Robotics, AI and employment futures in the Asia-Pacific

From driverless lorries to self-driving cars, and from automated surgery to robotic solicitors, we are presently on the verge of a technological revolution like no other. Doom-laden predictions warn that almost 50% of current jobs are at risk of replacement by robotics and automation technologies. Unique to this ‘third’ round of automation is machine learning and artificial intelligence. Yet current debate on the social and cultural impacts of robotics on work remains limited. Against this looming spectre of mass unemployment, and renewed social struggles, the purpose of this paper is to suggest ways in which sociologists might contribute to debates about the relationship between robotics and labour along more nuanced lines. Its aim is to suggest how sociologists are well-placed to unpack the complexities and richness of the relationships of robotics and labour, emphasising the value of dwelling with their ambivalences, rather than slipping into the easy caricature of overdetermined moral panic.

ANU College of

Arts & Social Sciences

Catherine Waldby

Global oocytes: medical tourism and the transaction of fertility

Since the early 1980s, IVF procedures allow one woman to donate her oocytes (eggs) to another, and so enable women with poor fertility to conceive. As IVF treatment becomes more and more common and global, the demand for fertile oocytes has expanded dramatically. However different jurisdictions adopt widely different approaches to regulation, ranging from complete prohibition (e.g. Germany), through strictly altruistic gifting (e.g. Australia), to regulated and unregulated markets (e.g. United Kingdom/Spain and USA). As a consequence, oocytes have acquired enormous scarcity value and developed a complex social and economic life. The ways they are produced, circulated and negotiated has become an important dynamic in considering the ways reproductive capacities are distributed and biomedically enhanced, and the ways power relations between different groups of women play out.

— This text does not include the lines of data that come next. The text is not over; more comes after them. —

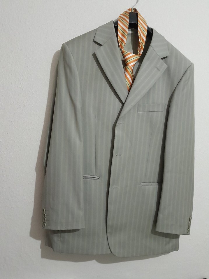 Gri renkli, regular fit erkek takım elbise. Notch yaka, düğmeli ve desen içermeyen klasik tasarıma sahiptir. Ofis ortamı için uygundur.
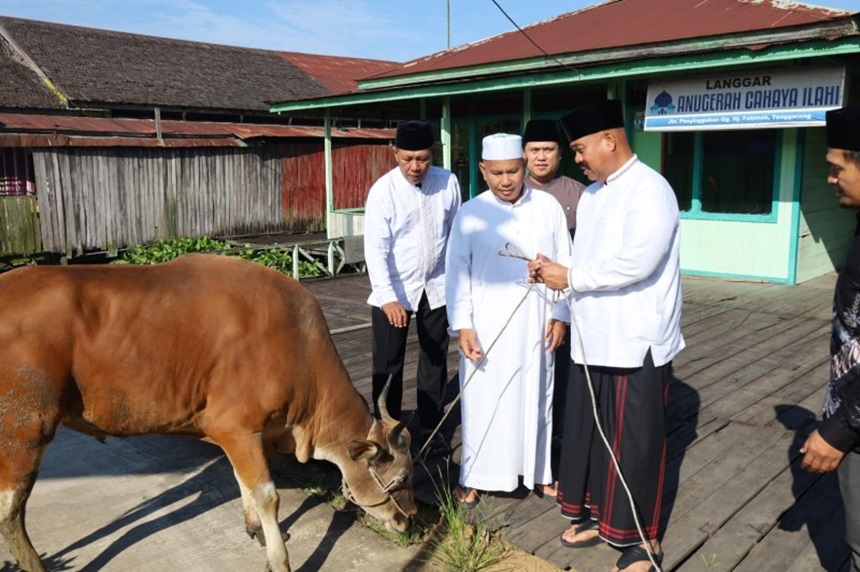 Untuk mempererat tali persaudaraan antar sesama umat manusia, Bupati Kutai Kartanegara (Kukar) Edi Damansyah menyerahkan sapi qurban di Langgar Anugerah Cahaya Ilahi di Jalan Penyinggahan Gang Hj Fatimah, Tenggarong, Senin (17/6/2024).
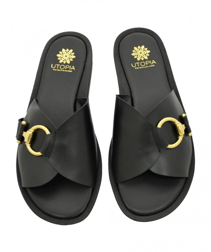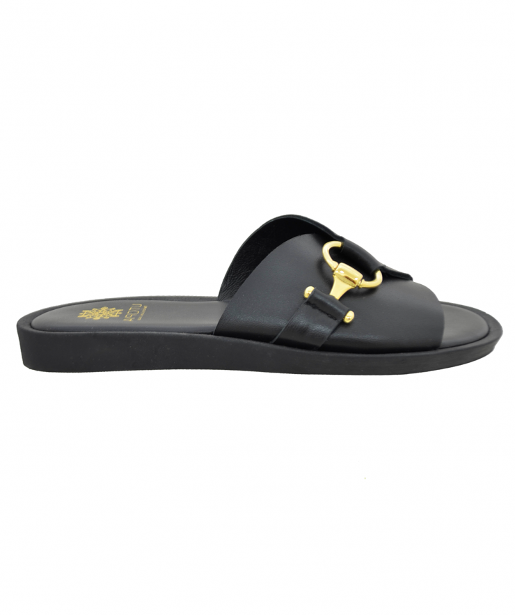 Leather sandals in black leather color decorated with gold metal accessories.
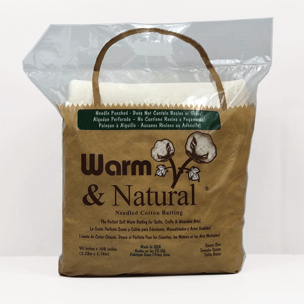 100% cotton fibers go through an ultra-cleaning process, then WARM & NATURAL cotton batting is needle punched to give your punched with hundreds of needles into a strong, thin base quilt the texture you love without glues or resins. WARM & material to prevent tearing, shifting or migration. The NATURAL; will not separate or bunch, quilts up to 10" apart, needling process holds the fibers together without glue or will not beard. Fabric naturally clings to batting and gives resins. The evenly layered fibers stay in place inside your it that antique look. Now easier to hand quilt. Ideal for quilt through generations of washings. 3% shrinkage with any craft project, gives character to soft sculpture dolls. first washing. (you can pre-wash the batting). Quilt or tie Once quilted WARM & NATURAL cotton batting can be machine up to 10" apart, will not beard. Queen size - 90" x 108". washed again and again without fear of separation or bunching.
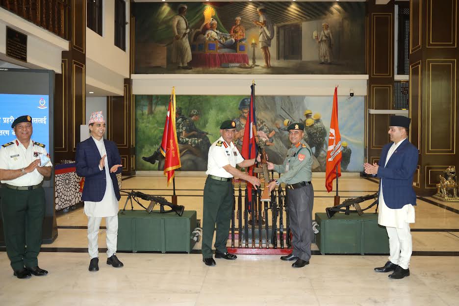 प्रधानसेनापति प्रभुराम शर्माले सशस्त्र प्रहरी बल, नेपालका महानिरीक्षक शैलेन्द्र खनाललाई ती हतियार हस्तान्तरण गरेको नेपाली सेनाको जनसम्पर्क तथा सूचना निर्देशनालयले जनाएको छ ।
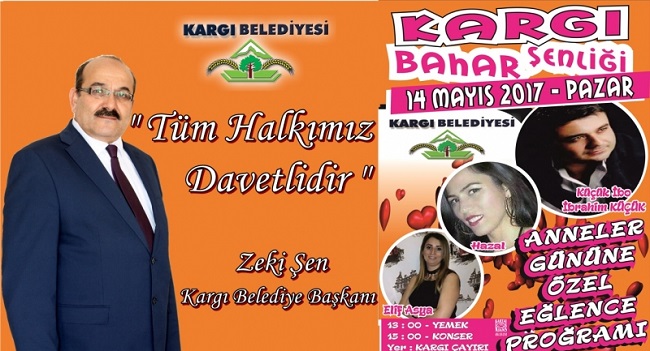 Kargı Belediye Başkanı Zeki Şen, ” Bahar Şenlikleri ” adı altında Anneler Gününe özel program düzenlediklerini belirtirken herkesi etkinliğe davet etti. Kargı Belediyesi tarafından düzenlenen program, 14 Mayıs 2017 Pazar günü çayır mevkinde gerçekleşecek. Program saat 13.00 de yemek ikramıyla başlayıp, saat 15.00 de ise konser ile devam edecek. İbrahim Küçük (Küçük İbo), Hazal ve Elif Asya’nın sesleri ile renk katacağı konser akşam saatlerine kadar devam edecek. Kargı Belediye Başkanı Zeki Şen yaptığı açıklamada; ” Bahar şenlikleri adı altında, anneler gününe özel bir program düzenleyerek, bayanlarımızın bu özel günde unutulmadıklarını göstererek, eğlenmelerini sağlamak istedik. İkramlarımızla başlayacak programda, çok değerli seslerde güne renk katacak. Şimdiden tüm annelerin Anneler gününü kutluyorum.” dedi.
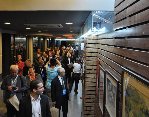 图为嘉宾们在我校上戏剧院展厅参观画展
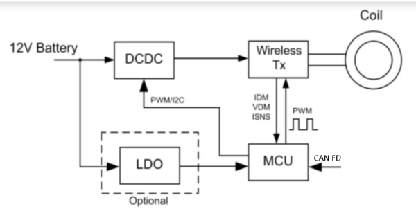 車載手機(jī)無線充電的原理框圖如圖所示,由一顆寬電壓輸入的DCDC,一顆無充電發(fā)射(集成POWer Stage),一顆通用MCU和一顆高壓LDO組成。無線充電發(fā)射端將IDMNDMISNS信號送給MCU.MCU根據(jù)設(shè)備端所重功率,一方面通過PWM或者12C調(diào)節(jié)DCDC的電壓,一方面調(diào)節(jié)發(fā)射端內(nèi)部Power Stage的工作占空比,從而調(diào)節(jié)發(fā)射端的輸出功率。這里L(fēng)DO用來給MCU供電,是optiona選項(xiàng),也可由無線充電發(fā)射端內(nèi)部集成的buck來實(shí)現(xiàn)。
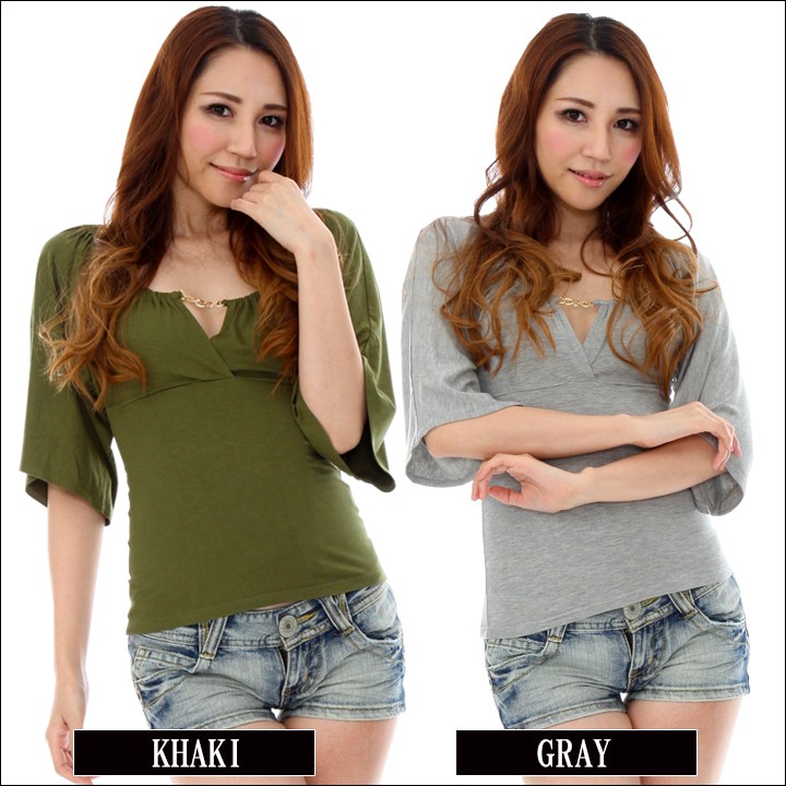 5部袖ギャザードネックトップス(IT) 大きいサイズ 春 セクシー レディース ギャル服 ギャル 大人 13号 15号 17号 19号 LL 2L 3L 4L 5L 6L 6L
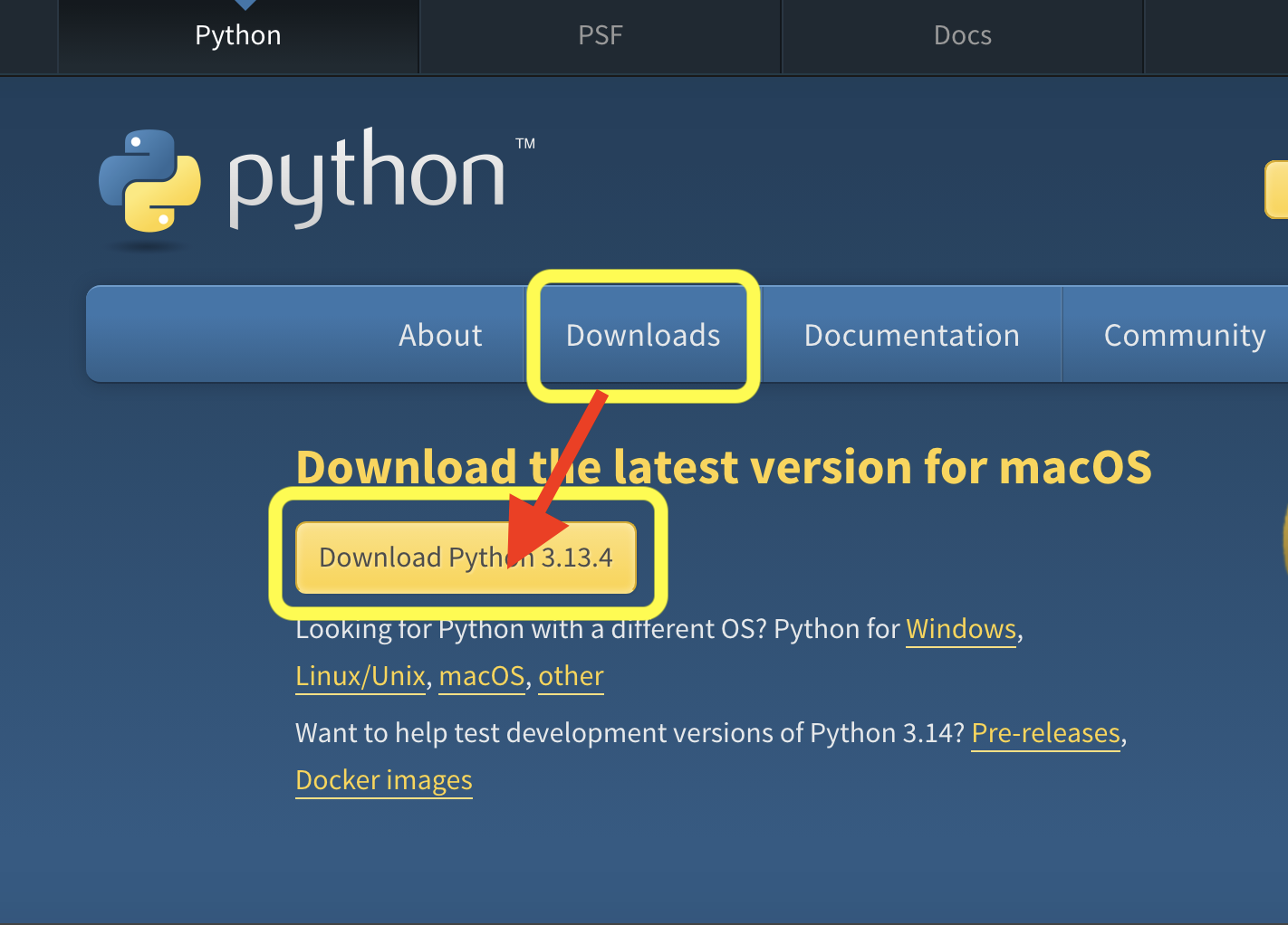 • Windows 사용자: Download Python X.X.X 버튼 (X.X.X는 최신 버전 숫자)을 클릭합니다.

In this paper, I will present some fieldwork interviews with Australian and British women who have travelled overseas to purchase oocytes. Like the more notorious practice of international surrogacy, this kind of fertility tourism allows women and couples to circumvent regulations and obtain kinds of third party fertility services that may be illegal in their resident jurisdiction. I will focus in particular on the ways the women negotiate the issue of the donor’s legal and biological identity in the process of assisted family formation. I will discuss the imperative to ‘match’ the donor with the recipient’s ethnicity, and hence to conceal the donation, and the emergence of an alternative ethic among Australian couples that publically celebrates the trace of the south-east Asian donor in the formation of a ‘rainbow’ family.